The Hologram is a fast-growing, international network of people practising non-expert healthcare. From beds and sofas across Turtle Island, Mexico, Palestine, Ecuador, Singapore, India and across Europe, we’ve been meeting online since April 2020 to create a strong, self-sustaining network of listening and trust that we all need in order to outlive the broken society in which we live. The model works to ensure that all members are cared for, and understands that properly supporting someone else’s wellbeing can be therapeutic in itself.
What prevents the IP terms connected to The Hologram from being the most exciting component of the art and presence we’re creating with The Hologram?
Is it annoying to have to think about some complicated, non-intuitive legal structure that has apparently set itself up as a traffic light at the intersection of our creativity and the global economy?
Imagine every copy of The Hologram that exists in space.time right now: saved in bundles of silicon-ordered electricity, printed as ink onto paper, saved in the consciousness clouds of its caretakers and participants. Now, imagine we could pass a wish through the network, or cast a spell on the economy that materialized The Hologram. (Who got paid and where?) What would we wish for or what would we say?
Imagine our neighbor develops grievances with a group of us, who also happen to be in a Hologram, and our neighbor decides to blame the Hologram for their woes and to launch a competing version called Holog®am, which teaches ways to do citizen surveillance through a hologram-like, triangular network.

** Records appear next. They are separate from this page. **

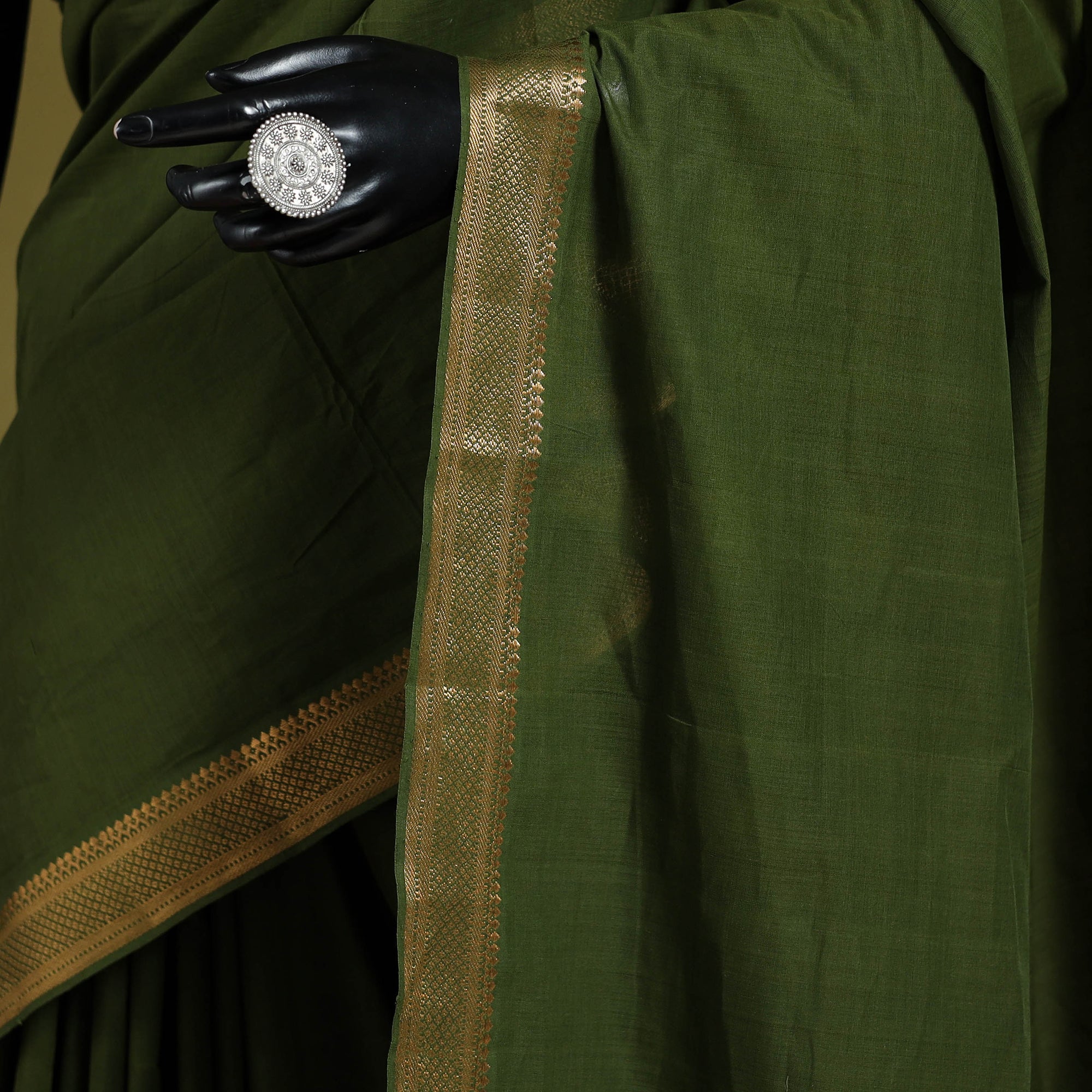This green mangalagiri cotton saree originates from Andhra Pradesh and is celebrated for its durability and fine weaving technique, often adorned with zari borders that add just the right touch of shimmer. Lightweight and breathable, this saree is perfect for everyday style, festive gatherings, or intimate occasions.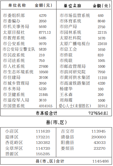 2025年“中华慈善日”送温暖献爱心活动10月份捐款公示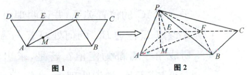 4. [2025江苏苏州期末]已知等腰梯形AB-CD中,AB=2,DC=3,∠ADC=60°,E,F是线段DC的两个三等分点(E在F的左侧),M是线段AF上靠近A的三等分点(如图1).将△DAE沿AE翻折到△PAE的位置,连接PB,PC得到四棱锥P-ABCE(如图2).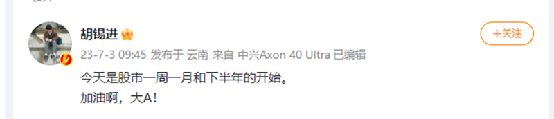 此外,“新晋股民老胡”今日通过微博喊话:“加油啊,大A!”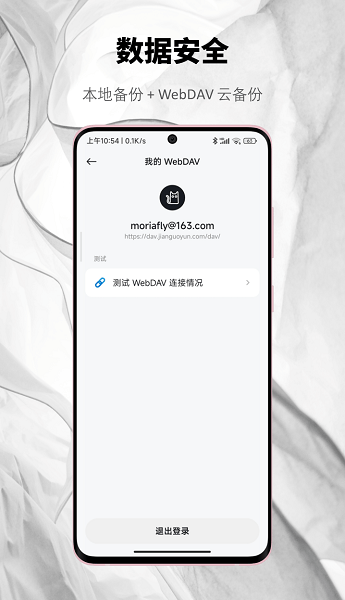 椒盐笔记采取了软件内数据库保存、本地指定文件夹备份、WebDAV 备份,充分保护用户隐私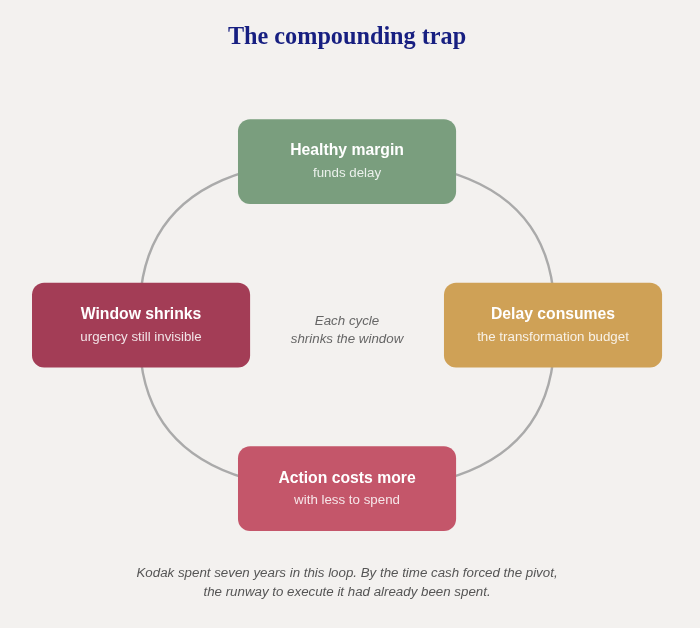 This is the compounding trap: delay consumes the resources needed to act, which makes the eventual action more expensive, which consumes more resources. By the time cash pressure forces the pivot, the runway to execute it has already been spent.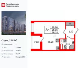 Удобная, классическая, функциональная европланировка, просторная прихожая 3.7 м². Общая площадь студии - 25.05 м², жилая 18.2 м², высота потолка 3 м.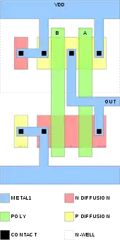 The inputs to the NAND (illustrated in green color) are in polysilicon. The transistors (devices) are formed by the intersection of the polysilicon and diffusion; N diffusion for the N device & P diffusion for the P device (illustrated in salmon and yellow coloring respectively). The output ("out") is connected together in metal (illustrated in cyan coloring). Connections between metal and polysilicon or diffusion are made through contacts (illustrated as black squares). The physical layout example matches the NAND logic circuit given in the previous example.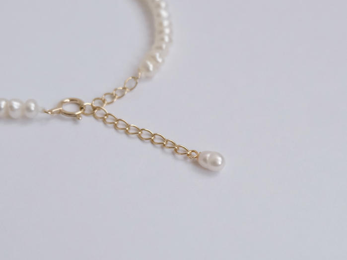 長い時間をかけて作られるため真珠層が厚く、汗や水に強いのもびわ湖真珠の特徴。汗をかいた日や手洗いなどで水に濡れた場合は、ハンカチやタオルで一緒に軽く拭いていただくだけで、それ以外の特別なお手入れは必要ありません。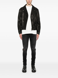 Slash jeans Highlights - Black - Front button and zip fastening - Classic five pockets - Belt loops - Skull applique Made in United States Composition Cotton 92%, Elastomultiester 6%, Elastane 2% SIZE & FIT Model measurements Height 6 ft 2 in(1.88 m) Bust/Chest 37.4 in(95 cm) Hips 38.58 in(98 cm) Waist 31.1 in(79 cm) FittingInformation Designed for a skinny fit, these jeans offer a close fit throughout Constructed from stretch denim, this piece offers a stretch fit with durability Washing instructions Do Not Wash/Do Not Dry Clean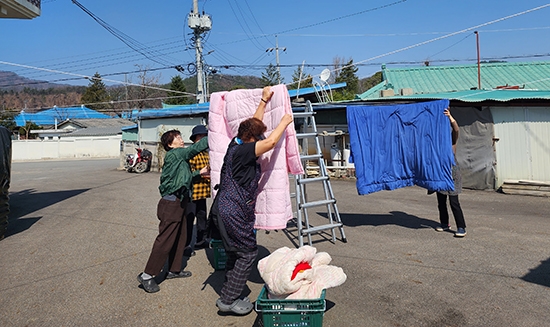 ‘온정 나눔세탁소’ 사업은 고령화 시대에 저소득 독거노인을 포함한 취약 가구들을 위해 대형 세탁물의 빨래를 지원하는 행사로 각 읍·면 지자체에 신청하면 횡성군자원봉사센터(센터장 한재수)를 통해 지원받을 수 있는 제도인데, 이번에는 마을 부녀회에서 직접 세탁물 수거부터 건조까지 자원봉사 하기로 했다.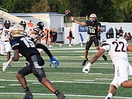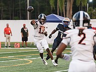 Spruce Creek quarterback P.J. Miller passes from the end zone on Friday, Sept. 12 at the Daytona Stadium. Photo by MIchele Meyers
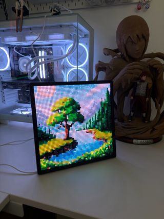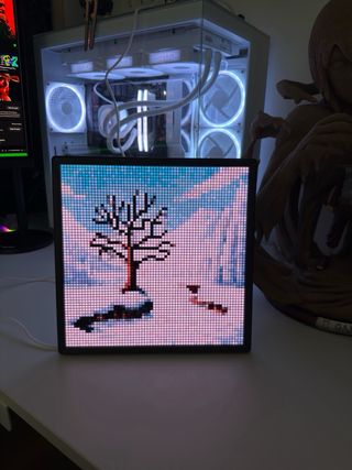 Pantalla decorativa con diseño de píxeles LED, ideal para añadir un toque artístico a tu espacio. Marca newstyle, se vende en shein y aliexpress - Diseño de paisaje con árbol y río. - Marco negro. Se controla con aplicacion movil
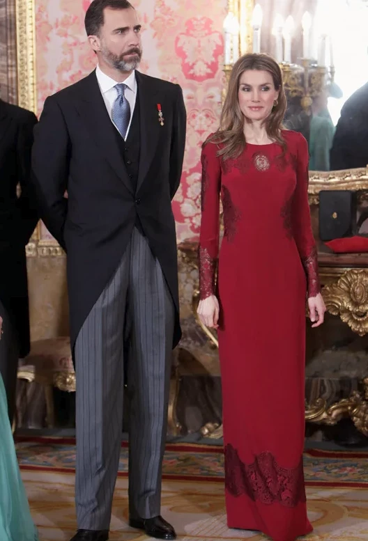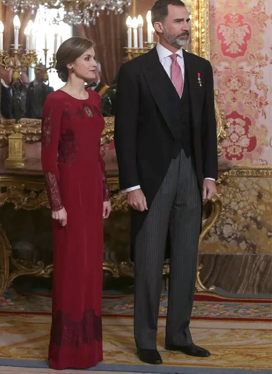 Sabemos que el rojo es el color favorito de la Reina de España y en esta ocasión recuperó de su guardarropas un vestido tubo largo al piso en tonalidad rojo marsala, del diseñador Felipe Varela.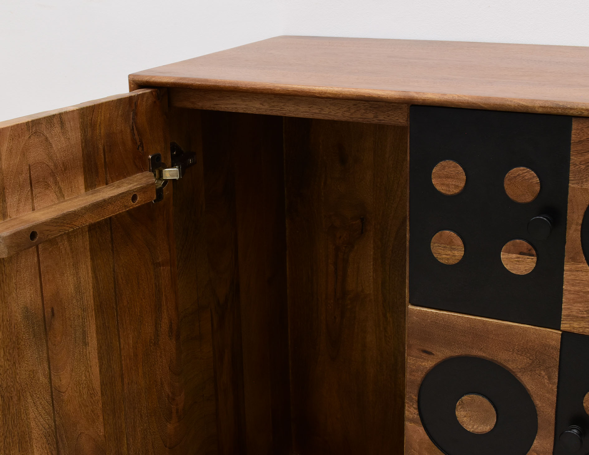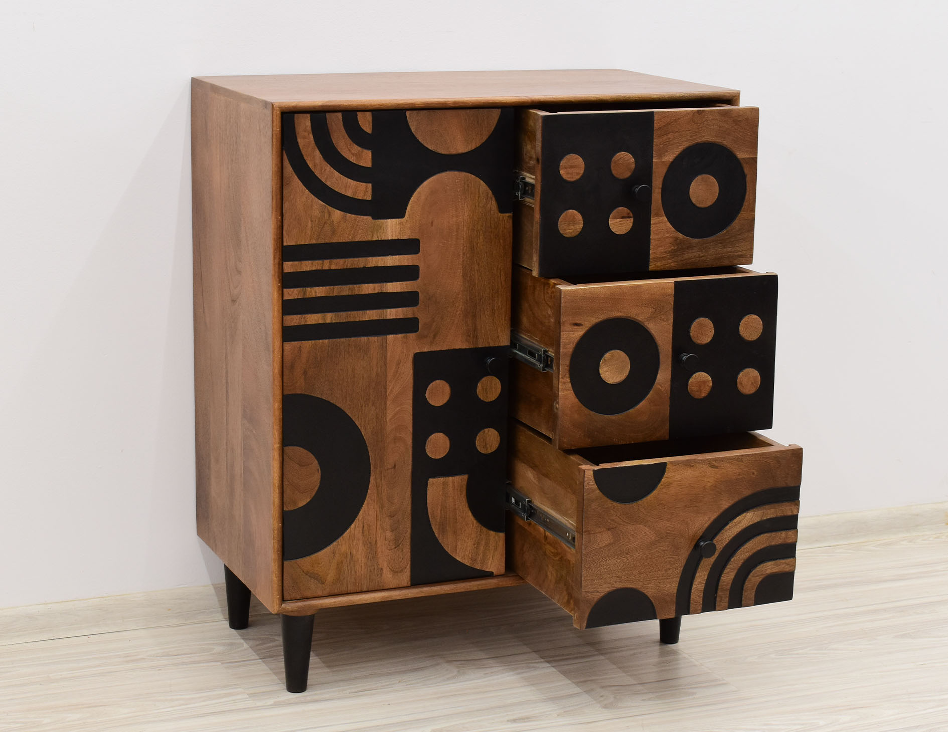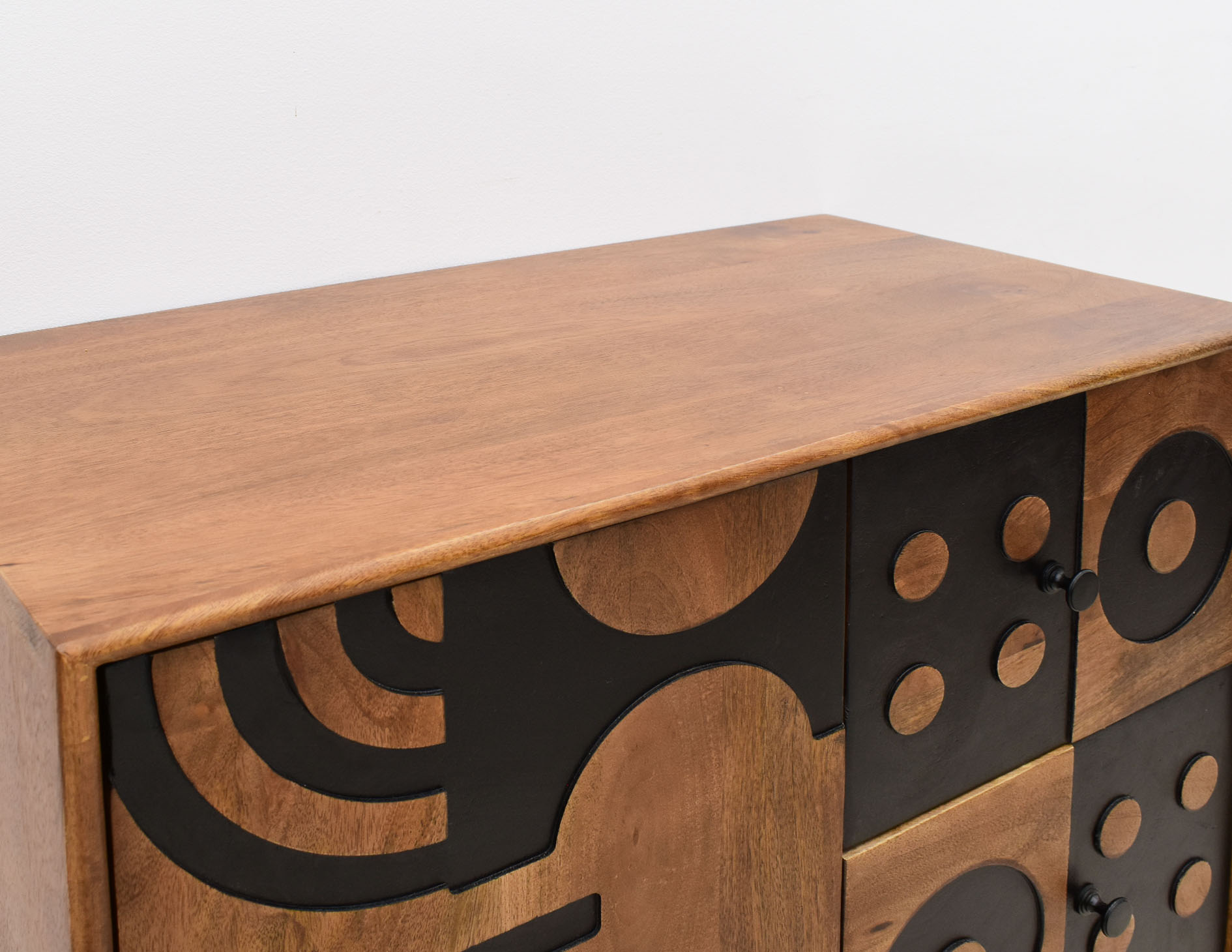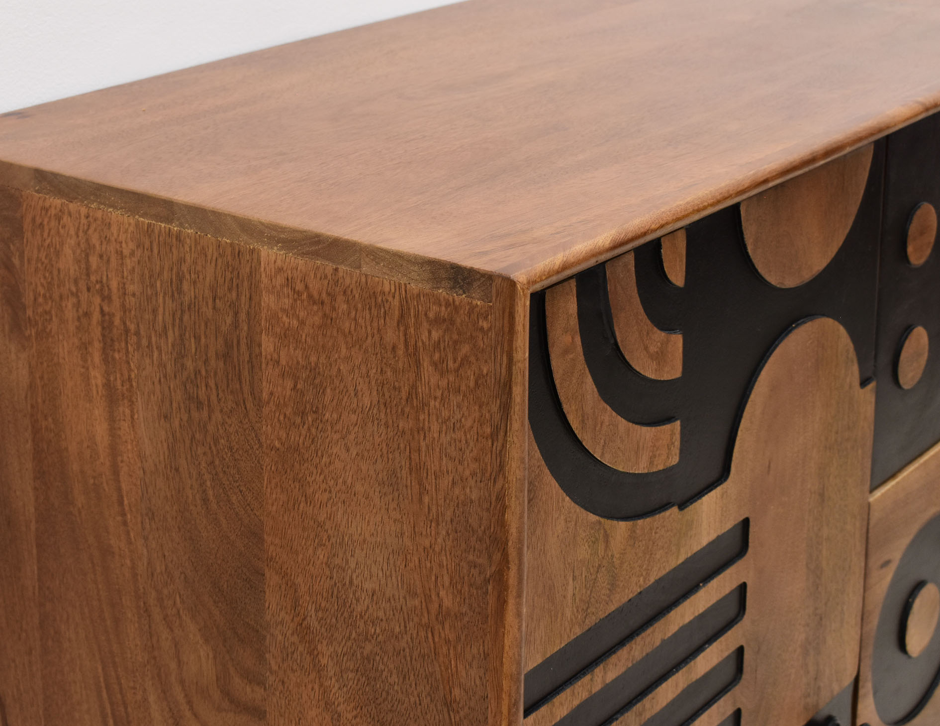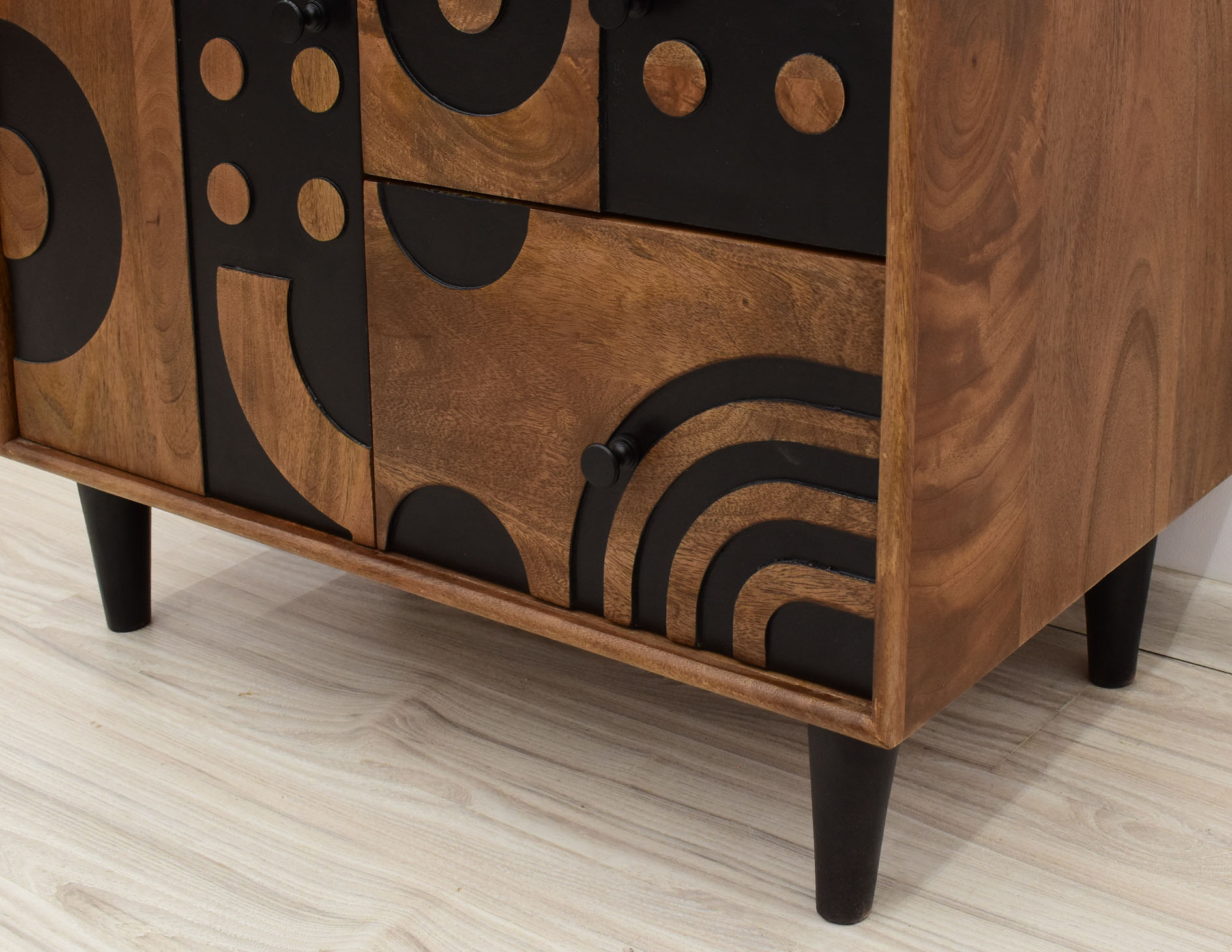 Stylowa komoda utrzymana w stylu kolonialnym. Mebel ręcznie wykonany z litego drewna mango w hinduskiej manufakturze.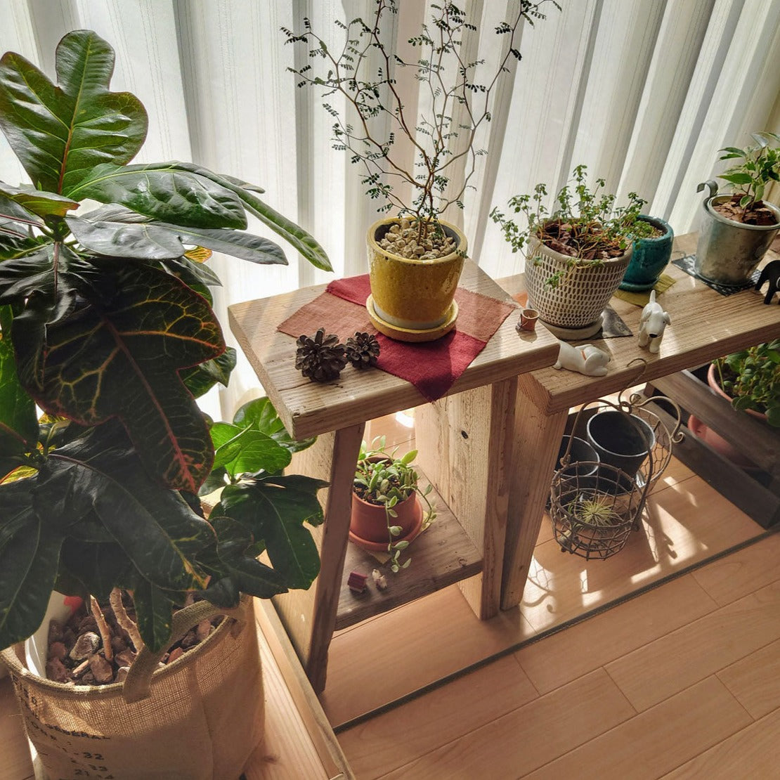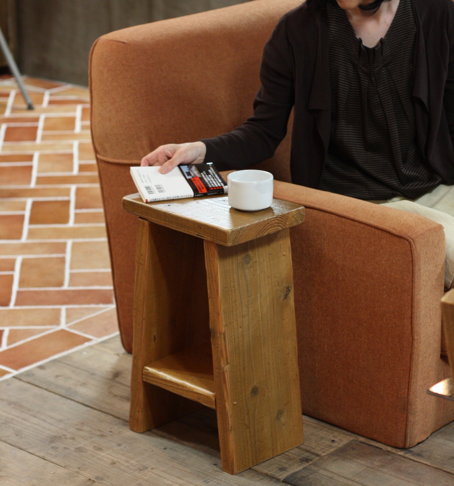 踏み台のカタチをした高さ50cmのスツールです。アルコールスプレースタンドとしてもちょうどいい高さです。観葉植物や照明の台など、家中で幅広く使えます。

Our neighbor starts hosting Holog®am workshops that advance the teachings of citizen surveillance as part of caring for caretakers and people are getting confused about whether this is affiliated with the real Hologram. How might we want to respond to the use of Holog®am, or to prepare for points of confusion around what the Hologram is all about once The Hologram has been exposed to the cancerous market radiation of Capitalism for some time?
Imagine other misuses of the Hologram, perhaps a “Wikipedia Entry from the Dystopian Future” where our worst fears came true.
Are there any wishes, spells, or coats of armor that we’d want to cast onto the word Hologram, onto the art inspired by The Hologram, or onto the supply chains that transfigure The Hologram from the imaginary into material space.time?
The supply chains that exist when the Hologram materially expresses itself (what’s it printed on and how did that material get made, etc.)
Imagine again every copy of the Hologram that exists in space.time right now: saved in bundles of silicon-ordered electricity, printed as ink onto paper, saved in the consciousness clouds of its caretakers and participants. Which of these storage sites is our favorite? Which ones make us feel alienated?
If all of the versions of the Hologram stored in the consciousness cloudswere to conspire to Wish the Hologram into material form, what forms would the materializations take? Is there a single imagined materialization that feels most authentic to the Hologram, itself (e.g., a homemade book, a chiseled crystal, a radio signal (or choir), a performance)?
The reproductive health of the Hologram, in terms of the structure/geometry of the Hologram as it self-replicates and the role of creativity in each self-replication (i.e., from an IP perspective, this is mostly about forward looking economic impacts of creative works)
What types of patterns does the Hologram want to have in the material economy, measured by demand generated across sustainable or unsustainable supply chains that sustain the Hologram?
Is there an ideal rate of replication for the Hologram? (1) as measured by the creation of new social holograms and (2) as measured by the production and reproduction of certain forms of space.time materializations?
As the Hologram moves through the economy, it facilitates transactions that pattern or depattern trodden paths of trade. If we imagine the paths of trade created by the Hologram and the wake of justice or injustice left in the communities living around those paths, we could talk about the replication and reproduction of the Hologram across global supply chains as a matter of reproductive justice. If that sounds interesting, a morals clause inside of the IP license governing the Hologram could be a space to articulate that thinking.
Does Cassandra’s death alter the terms through which the Hologram moves through the economy?